2/3 des salariés sont des femmes. La plupart œuvrent sur plusieurs activités, à temps plein ou temps partiel selon leur souhait. Mais les profils sont variés : des jeunes dont c’est le premier emploi et qui ont vocation à sortir du dispositif pour occuper un autre poste, des personnes en fin de carrière qui ont du mal à trouver un emploi au vu de leur âge, ou encore des personnes éloignées de l’emploi pour diverses raisons, comme le handicap. “Contrairement à des programmes d’insertion, nous proposons des emplois durables. Les salariés peuvent très bien rester plusieurs années dans l’entreprise. Pour ceux qui souhaitent rebondir ailleurs, comme les jeunes, ils sont accompagnés par Pôle Emploi. ” Dans cette optique, l’accent est mis sur la formation, avec 10% du temps de travail qui y est consacré.

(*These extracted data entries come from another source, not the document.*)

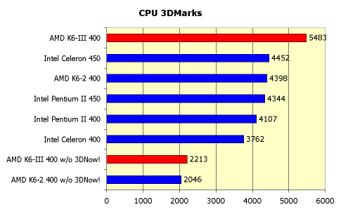 Но все же главное применение процессоров сегодня — это игры, которые требуют мобилизации всех вычислительных мощностей. Для оценки производительности, которую могут показывать процессоры при обработке 3D-сцен, мы воспользовались тестом CPU 3DMark, входящем в тестовый пакет 3DMark 99 MAX. Этот тест просчитывает 3D-геометрию, но не выводит результат на экран. Таким образом, можно померить пиковую производительность процессора в игровом 3D, не зависящую от установленной видеокарты. Быстродействие K6-2 и K6 III мы исследовали в двух вариантах — с включенным и выключенным блоком 3DNow!.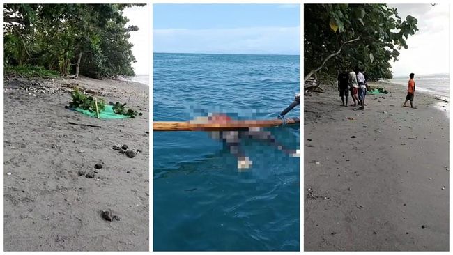 Usai ditemukan, nelayan kemudian membawa mayat tersebut ke pinggir pantai untuk kemudian dievakuasi oleh petugas dari kepolisian.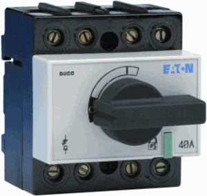 Eaton Industries Duco lastscheider, 4 polen, nom. continustroom Iu 40A, max. nom. bedrijfsspanning Ue bij A 415V, nom. continustroom, AC-21, 400 V 40A, 1 schakelaars, nom. vermogen, AC-23, 400 V 20kW, nom. continustroom, AC-23, 400 V 40A, toegelaten korte-duur stroom Icw 1kA,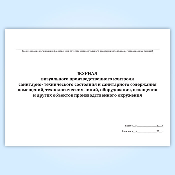 Журнал визуального производственного контроля санитарно-технического состояния и санитарного содержания помещений, технологических линий, оборудования, оснащения и других объектов производственного окружения в Тюмени купить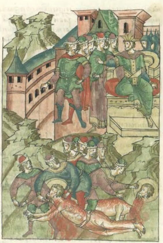 Казнь князя Михаила Черниговского в Орде. Лицевой летописный свод XVI века. Лаптевский том. Л. 975
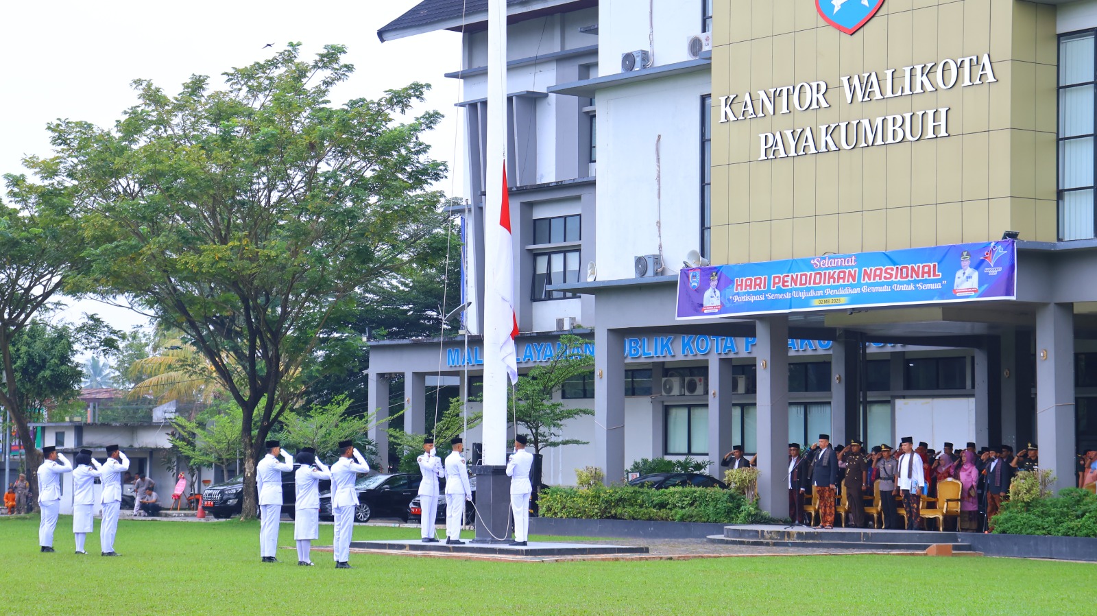 PAYAKUMBUH, CARAPANDANG - Wakil Wali Kota Payakumbuh Elzadaswarman menjadi pembina upacara peringatan Hari Pendidikan Nasional (Hardiknas) Tahun 2025 yang digelar di Halaman Balai Kota Payakumbuh, Jumat malam (02/05/2025). Upacara yang berlangsung khidmat itu dihadiri oleh Sekretaris Daerah Rida Ananda, para asisten Setdako, unsur Forkopimda, kepala OPD, serta kepala sekolah se-Kota Payakumbuh.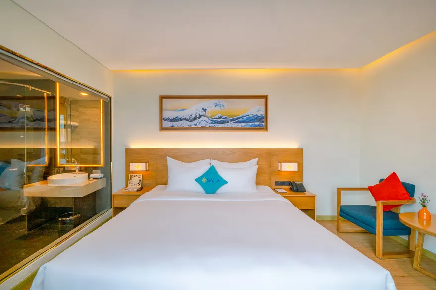 • Phù hợp với Các cặp đôi hoặc gia đình nhỏ có nhu cầu không gian nghỉ ngơi rộng rãi, tiện nghi cao cấp hơn hạng phòng tiêu chuẩn nhưng vẫn tối ưu về chi phí so với hạng Sala Suite hướng biển trực diện.
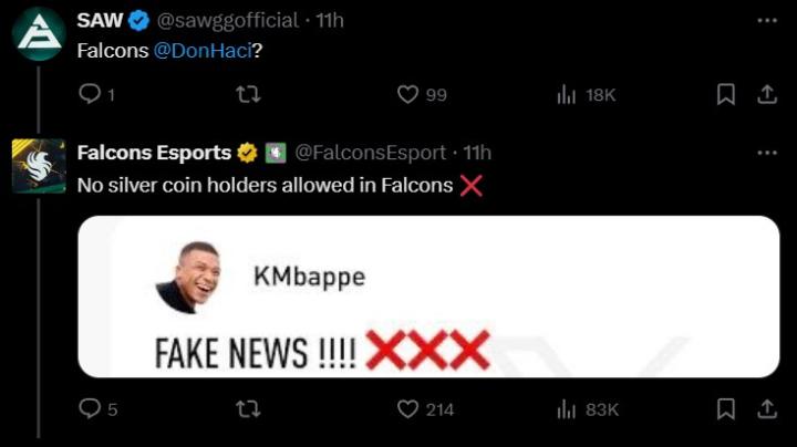 不久前,在上海Major上表现出色的ewjerkz被SAW下放至替补席。在neL发布爆料后,Falcons社媒官方也进行了更新,他们用C罗的动图做出回应,并与SAW的官方社媒进行互动,疑似证实了这一消息。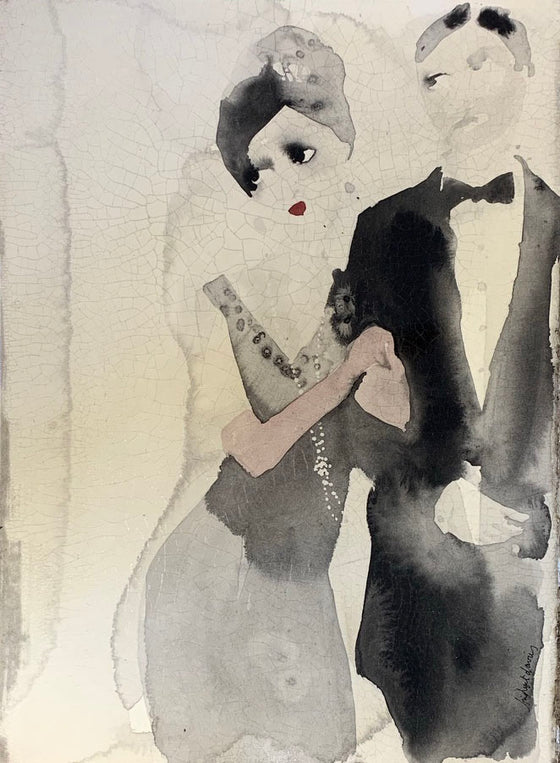 Medium Details: Ink and crackle glaze on 640 textured watercolour paper, finished with a gloss varnish. The painting has a deckled edge along the right side

Des effets positifs indéniables

Decathlon, Eau du Grand Lyon, clubs sportifs : de nombreuses entreprises font appel à EmerJean. C’est le cas des Alchimistes, qui s’est implanté à Saint-Jean et œuvre dans la collecte et la valorisation des bio-déchets. “Nous avons beaucoup de sollicitations sur l’économie circulaire. Cela fait partie des axes de développement, pour proposer d’autres activités. Nous souhaiterions également investir encore davantage sur la formation. Enfin, nous allons quitter les préfabriqués et nous installer dans de vrais locaux où nous aurons plus d’espace. Nous pensons les inaugurer début décembre.”

Le dispositif Territoires zéro chômeur de longue durée a sans conteste des effets positifs sur le tissu local et la vie des salariés. “Outre des revenus, ces personnes ont retrouvé une utilité et une vie sociales. Et même citoyenne puisque la participation aux élections professionnelles a été 3 fois supérieure à l’élection municipale. Pour le quartier, cela a injecté des services, permis des échanges entre différents acteurs et augmenté l’attractivité. Demain, des entreprises s’installeront peut-être ici parce que notre conciergerie existe.”

Preuve d’une certaine concorde sur le bien fondé du dispositif, la loi qui l’étend à 50 nouveaux territoires a été votée à l’unanimité des députés présents à l’Assemblée nationale. Ainsi, le président de la Métropole de Lyon Bruno Bernard souhaite inclure au moins 5 nouveaux projets. La proposition de loi doit passer au Sénat début octobre.